# What needs to be done
Each entry has to be copied exactly, with nothing missed.

Recorded data
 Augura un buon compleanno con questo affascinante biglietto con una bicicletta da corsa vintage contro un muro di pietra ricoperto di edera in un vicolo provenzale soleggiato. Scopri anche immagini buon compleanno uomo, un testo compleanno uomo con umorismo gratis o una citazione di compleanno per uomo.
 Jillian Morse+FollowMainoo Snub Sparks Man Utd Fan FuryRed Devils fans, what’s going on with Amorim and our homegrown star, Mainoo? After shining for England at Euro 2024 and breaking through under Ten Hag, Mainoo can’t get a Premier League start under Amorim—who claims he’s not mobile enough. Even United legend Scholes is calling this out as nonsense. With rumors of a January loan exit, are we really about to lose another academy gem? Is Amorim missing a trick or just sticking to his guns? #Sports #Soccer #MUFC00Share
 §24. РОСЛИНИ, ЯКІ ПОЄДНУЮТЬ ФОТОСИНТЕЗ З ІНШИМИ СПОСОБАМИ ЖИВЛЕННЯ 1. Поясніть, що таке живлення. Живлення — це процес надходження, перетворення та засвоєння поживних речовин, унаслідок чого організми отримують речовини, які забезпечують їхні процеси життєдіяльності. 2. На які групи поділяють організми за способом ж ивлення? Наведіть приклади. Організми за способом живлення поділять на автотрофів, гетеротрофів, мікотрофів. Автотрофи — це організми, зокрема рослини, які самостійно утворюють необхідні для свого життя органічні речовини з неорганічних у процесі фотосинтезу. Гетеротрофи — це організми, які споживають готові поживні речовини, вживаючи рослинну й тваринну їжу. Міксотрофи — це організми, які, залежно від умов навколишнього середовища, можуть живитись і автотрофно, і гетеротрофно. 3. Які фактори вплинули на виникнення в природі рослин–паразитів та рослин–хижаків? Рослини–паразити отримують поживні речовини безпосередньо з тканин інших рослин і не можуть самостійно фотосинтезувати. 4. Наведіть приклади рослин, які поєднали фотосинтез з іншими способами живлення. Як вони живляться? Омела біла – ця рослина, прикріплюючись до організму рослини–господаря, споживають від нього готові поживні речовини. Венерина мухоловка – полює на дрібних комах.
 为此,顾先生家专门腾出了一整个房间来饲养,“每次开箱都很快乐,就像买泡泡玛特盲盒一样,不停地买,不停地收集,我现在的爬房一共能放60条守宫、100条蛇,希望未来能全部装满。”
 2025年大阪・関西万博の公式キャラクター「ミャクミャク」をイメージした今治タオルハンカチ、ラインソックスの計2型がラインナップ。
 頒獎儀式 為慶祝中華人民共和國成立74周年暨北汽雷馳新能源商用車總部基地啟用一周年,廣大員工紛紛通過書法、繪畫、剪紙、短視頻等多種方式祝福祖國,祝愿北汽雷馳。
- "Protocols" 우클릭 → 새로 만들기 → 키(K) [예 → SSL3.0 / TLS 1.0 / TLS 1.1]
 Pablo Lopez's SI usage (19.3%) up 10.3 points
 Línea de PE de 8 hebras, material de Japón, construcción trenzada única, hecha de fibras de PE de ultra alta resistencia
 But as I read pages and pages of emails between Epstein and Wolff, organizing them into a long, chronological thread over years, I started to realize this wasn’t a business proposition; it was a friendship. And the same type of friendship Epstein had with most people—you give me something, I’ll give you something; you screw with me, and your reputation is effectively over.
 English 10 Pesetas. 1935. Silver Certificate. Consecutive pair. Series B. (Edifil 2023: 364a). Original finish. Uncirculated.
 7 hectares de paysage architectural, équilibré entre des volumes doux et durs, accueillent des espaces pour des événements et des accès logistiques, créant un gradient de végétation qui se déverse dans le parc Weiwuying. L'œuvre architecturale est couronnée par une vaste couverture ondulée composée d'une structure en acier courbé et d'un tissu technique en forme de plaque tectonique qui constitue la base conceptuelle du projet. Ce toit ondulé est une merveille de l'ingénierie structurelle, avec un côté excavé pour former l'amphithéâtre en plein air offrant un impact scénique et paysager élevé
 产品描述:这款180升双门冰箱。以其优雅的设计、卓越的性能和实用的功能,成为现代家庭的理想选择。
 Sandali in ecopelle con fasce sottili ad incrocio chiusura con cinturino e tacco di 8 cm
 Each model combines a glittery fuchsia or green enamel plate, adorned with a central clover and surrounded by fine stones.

# Response for this exercise
 Augura un buon compleanno con questo affascinante biglietto con una bicicletta da corsa vintage contro un muro di pietra ricoperto di edera in un vicolo provenzale soleggiato. Scopri anche immagini buon compleanno uomo, un testo compleanno uomo con umorismo gratis o una citazione di compleanno per uomo.
 Jillian Morse+FollowMainoo Snub Sparks Man Utd Fan FuryRed Devils fans, what’s going on with Amorim and our homegrown star, Mainoo? After shining for England at Euro 2024 and breaking through under Ten Hag, Mainoo can’t get a Premier League start under Amorim—who claims he’s not mobile enough. Even United legend Scholes is calling this out as nonsense. With rumors of a January loan exit, are we really about to lose another academy gem? Is Amorim missing a trick or just sticking to his guns? #Sports #Soccer #MUFC00Share
 §24. РОСЛИНИ, ЯКІ ПОЄДНУЮТЬ ФОТОСИНТЕЗ З ІНШИМИ СПОСОБАМИ ЖИВЛЕННЯ 1. Поясніть, що таке живлення. Живлення — це процес надходження, перетворення та засвоєння поживних речовин, унаслідок чого організми отримують речовини, які забезпечують їхні процеси життєдіяльності. 2. На які групи поділяють організми за способом ж ивлення? Наведіть приклади. Організми за способом живлення поділять на автотрофів, гетеротрофів, мікотрофів. Автотрофи — це організми, зокрема рослини, які самостійно утворюють необхідні для свого життя органічні речовини з неорганічних у процесі фотосинтезу. Гетеротрофи — це організми, які споживають готові поживні речовини, вживаючи рослинну й тваринну їжу. Міксотрофи — це організми, які, залежно від умов навколишнього середовища, можуть живитись і автотрофно, і гетеротрофно. 3. Які фактори вплинули на виникнення в природі рослин–паразитів та рослин–хижаків? Рослини–паразити отримують поживні речовини безпосередньо з тканин інших рослин і не можуть самостійно фотосинтезувати. 4. Наведіть приклади рослин, які поєднали фотосинтез з іншими способами живлення. Як вони живляться? Омела біла – ця рослина, прикріплюючись до організму рослини–господаря, споживають від нього готові поживні речовини. Венерина мухоловка – полює на дрібних комах.
 为此,顾先生家专门腾出了一整个房间来饲养,“每次开箱都很快乐,就像买泡泡玛特盲盒一样,不停地买,不停地收集,我现在的爬房一共能放60条守宫、100条蛇,希望未来能全部装满。”
 2025年大阪・関西万博の公式キャラクター「ミャクミャク」をイメージした今治タオルハンカチ、ラインソックスの計2型がラインナップ。
 頒獎儀式 為慶祝中華人民共和國成立74周年暨北汽雷馳新能源商用車總部基地啟用一周年,廣大員工紛紛通過書法、繪畫、剪紙、短視頻等多種方式祝福祖國,祝愿北汽雷馳。
- "Protocols" 우클릭 → 새로 만들기 → 키(K) [예 → SSL3.0 / TLS 1.0 / TLS 1.1]
 Pablo Lopez's SI usage (19.3%) up 10.3 points
 Línea de PE de 8 hebras, material de Japón, construcción trenzada única, hecha de fibras de PE de ultra alta resistencia
 But as I read pages and pages of emails between Epstein and Wolff, organizing them into a long, chronological thread over years, I started to realize this wasn’t a business proposition; it was a friendship. And the same type of friendship Epstein had with most people—you give me something, I’ll give you something; you screw with me, and your reputation is effectively over.
 English 10 Pesetas. 1935. Silver Certificate. Consecutive pair. Series B. (Edifil 2023: 364a). Original finish. Uncirculated.
 7 hectares de paysage architectural, équilibré entre des volumes doux et durs, accueillent des espaces pour des événements et des accès logistiques, créant un gradient de végétation qui se déverse dans le parc Weiwuying. L'œuvre architecturale est couronnée par une vaste couverture ondulée composée d'une structure en acier courbé et d'un tissu technique en forme de plaque tectonique qui constitue la base conceptuelle du projet. Ce toit ondulé est une merveille de l'ingénierie structurelle, avec un côté excavé pour former l'amphithéâtre en plein air offrant un impact scénique et paysager élevé
 产品描述:这款180升双门冰箱。以其优雅的设计、卓越的性能和实用的功能,成为现代家庭的理想选择。
 Sandali in ecopelle con fasce sottili ad incrocio chiusura con cinturino e tacco di 8 cm
 Each model combines a glittery fuchsia or green enamel plate, adorned with a central clover and surrounded by fine stones.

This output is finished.